The second time was one I'll never forget. I was in the engineering building getting ready to take a communications law midterm. Although I did study, I was having pre exam jitters. This class was a hard one and I didn't have time for anything less than a B. My phone buzzed. It was Shadae. I woefully looked back towards the rain streaked windows in the lobby behind me and felt my stomach drop. "Yanique Bailey was killed." The message didn't didn't compute. Killed? Not died, but killed? "Her father shot her, her younger sister and her mother in the head while they were asleep," she continued. "Then he shot himself." I lost every fiber of my mind at that moment, including all of the study materials I had been reviewing hours before. Fighting back the hot tears that wanted to fall was a task. While I still had a few minutes before the teacher arrived and began handing out the test packets, I hurried out of the auditorium row and plopped down in the lobby. I needed to talk to my mother. "Mom. My friend is dead." She could hear the panic in my voice as I rehashed all the details Shadae provided. "You have to calm down," she insisted as comfortingly as possible. "Can you still take your test?" In my heart I knew my mind wasn't in the right place, but I didn't have another option. Upon hanging up with her five minutes later, I tip-toed back into the auditorium, grabbed an exam and took my seat. I'd eventually pass the test, but at the time I felt like I'd bombed it and didn't even care. All my mind could replay was Yanique's probable last moments. I shuddered inside at the thought of a father so viciously and selfishly taking his family's life. My bright-eyed friend's life.
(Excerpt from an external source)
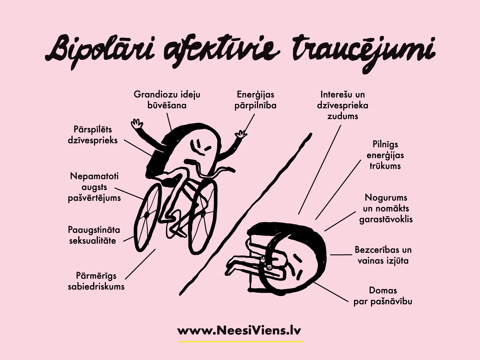 Bipolāri afektīvie traucējumi ir ļoti spēcīga un bīstama slimība. Pats biju domājis par balto kreklu, ka mani sasies, ieliks slimnīcā... Par maz mūsu sabiedrībā par to runā. Es domāju, ka ir ļoti daudz tādu cilvēku kā es, kuri, iespējams, jūtas līdzīgi. Kuri to noraksta uz nogurumu vai darba apjomu. Visbiežāk šie cilvēki tā arī kuļas. Uzņemas projektus, saistības, pēc tam nevar tās izpildīt. Tad kaut kā atkal viss ir kārtībā… Un tā visu laiku. Tā arī es iepriekš kūlos.
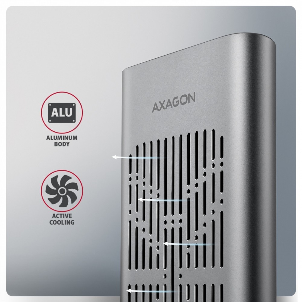 Aluminiowa obudowa wraz z podkładkami termoprzewodzącymi odprowadza ciepło z zamontowanych dysków M.2 SSD. Chłodzenie wspiera aktywny wentylator, który zapewnia ciągły przepływ powietrza wewnątrz urządzenia. Pozwala to utrzymać optymalną temperaturę pracy przy długotrwałym obciążeniu (np. podczas klonowania lub transferu dużych ilości danych). Ryzyko przegrzewania i spadku wydajności spowodowanego tzw. Thermal Throttling jest minimalne. Stabilizuje to wydajność i wydłuża żywotność dysków SSD.

I needed to let it all out, but my off campus room was too far to reach. I had to cry right then and there. My friend Crystal usually left her suite door open in the Annex, so I pushed through the raindrops and made my way down the hill, cursing every bead of water as it fell. I zipped right past the idle-minded front desk attendant up to her empty room, took off my wet jacket, plopped onto her bed, buried my face in my hands and bawled. Loudly. I couldn't control my rage. Before Crystal came home to a more subdued sob, her suite mate had to come check on me because she was so startled by the wailing through the walls. I wish I could remember the girl's name, but I was so lost in my depression. My stinging eyes crying with the same intensity of the skies.

Since then, the rain still has not been good to me. Dane Freeman from junior high. Shot at a barbecue. Heard the news in the rain. Ms. Alfa Choice, an awesome teacher from my high school. Jumped off the Tappanzee Bridge. Heard the news in the rain. Ifeanyi Mba. In the rain. Ms. Medlin. In the rain. And then this morning as I grudgingly opened my umbrella on the doorstep, prepping to trek to the bus stop in 90% precipitation: "Aunt Blossom died," my dad said to me, with a phone full of bad news pressed to his ear. I looked up at the sky in disappointment. The clouds cried for me. "I'm sorry, Dad."

They're right: when it rains, it pours.